The third major problem for Nvidia is the expected lifespan of these chips. Previously, concerns were raised about capital expenditure on cutting-edge chips that depreciate rapidly. The industry standard among big tech companies is to depreciate GPUs over six years, though their operational viability is often closer to three years. This means they count one-sixth of the purchase price against income to offset taxes and report annual profitability. Stretching depreciation beyond a reasonable service life makes expenses appear lower than they truly are for companies constituting the majority of Nvidia's demand.
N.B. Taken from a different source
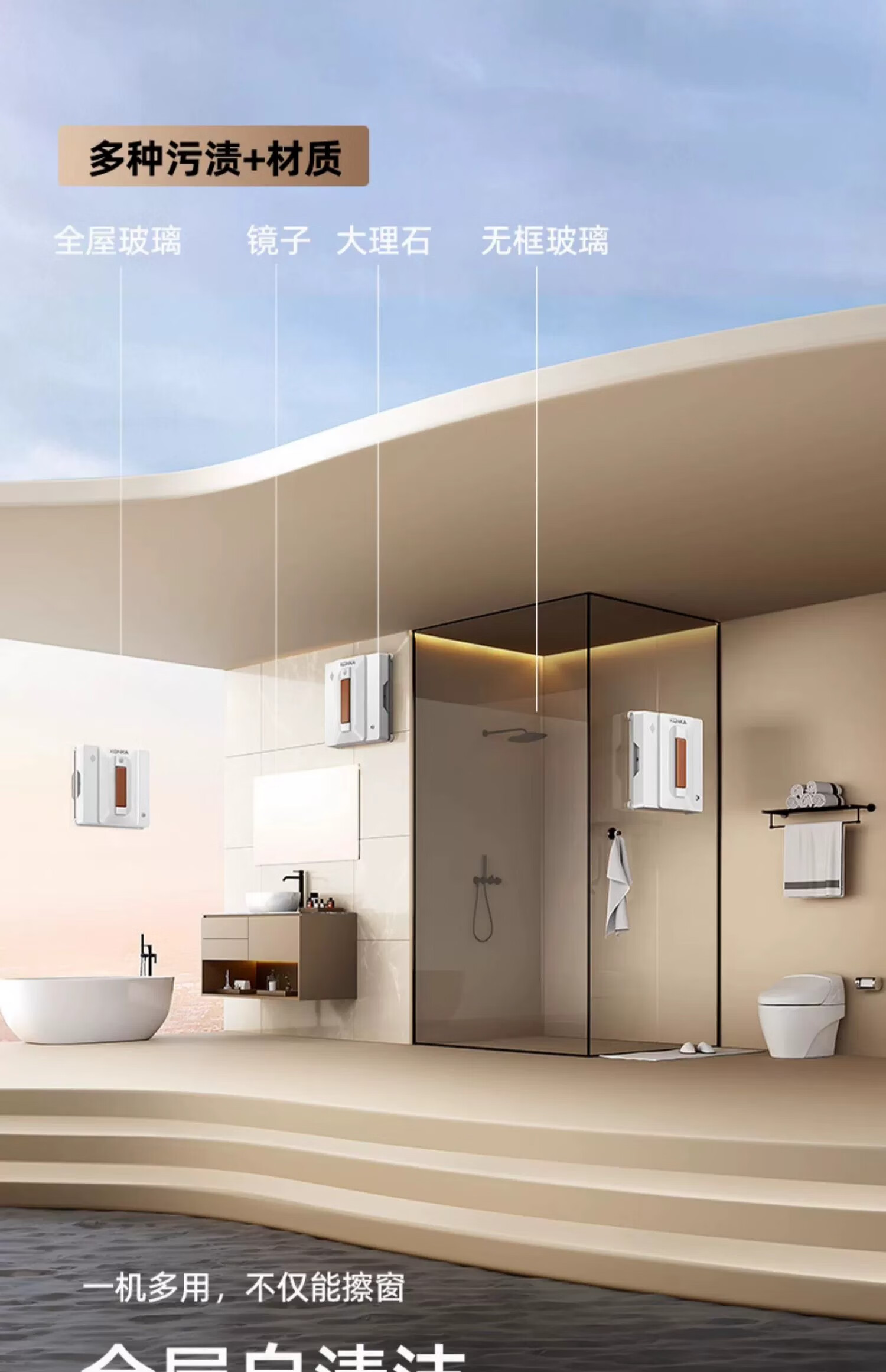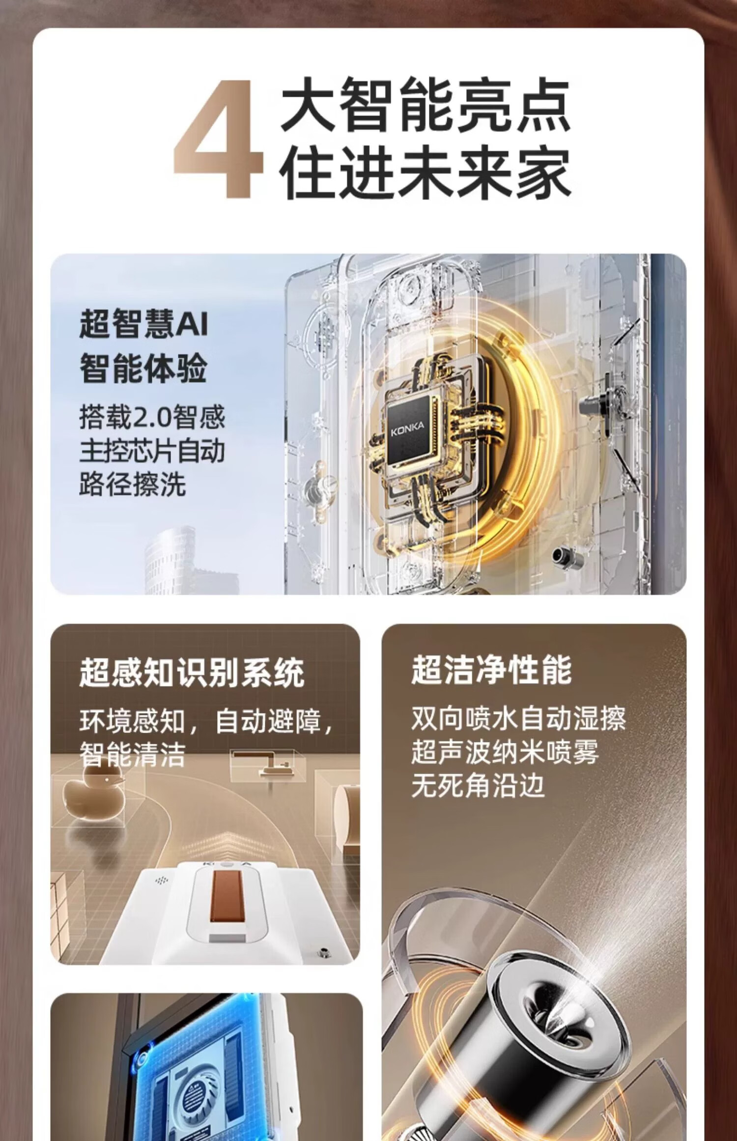 KONKA window cleaning robot fully automatic home intelligent electric high-rise window exterior double-sided glass cleaning and window washing artifact flagship automatic water spray APP smart model AI automatic route planning

Nvidia defended its own accounting practices, though the criticism was directed at its customers, who are the primary buyers of its GPUs. Nvidia itself is primarily a chip designer, with manufacturing handled by suppliers like TSMC, so its depreciation schedules are less relevant. The point was that if companies like Microsoft, Oracle, and Meta adopted more honest accounting, their reported profits would decrease, potentially reducing investor hype around AI and, consequently, their demand for more GPUs. While these companies have other major businesses, a reduction in GPU orders would significantly impact Nvidia's entire business.
Ongoing supply bottlenecks and higher energy prices exacerbate this problem. If Nvidia consistently releases new flagship AI GPUs annually, rendering previous models obsolete, it becomes harder to justify purchasing current-day chips in advance, as they might be irrelevant by the time a data center comes online. Conversely, the depreciation of chips already in service worsens with higher energy prices. Low energy prices can make it worthwhile to run older, less efficient hardware. However, as energy prices increase, margins shrink to the point where the energy cost to run a server exceeds its rental value, effectively turning multi-million dollar racks of hardware into e-waste.
While the market can remain irrational for extended periods, even investor sentiment might be shifting. For the past four years, private credit companies like Blue Owl and BlackRock's Credit Arm have been major financiers of large data center projects. However, they are now facing their own industry-wide problems, which will make it much harder to maintain the supply of easy financing.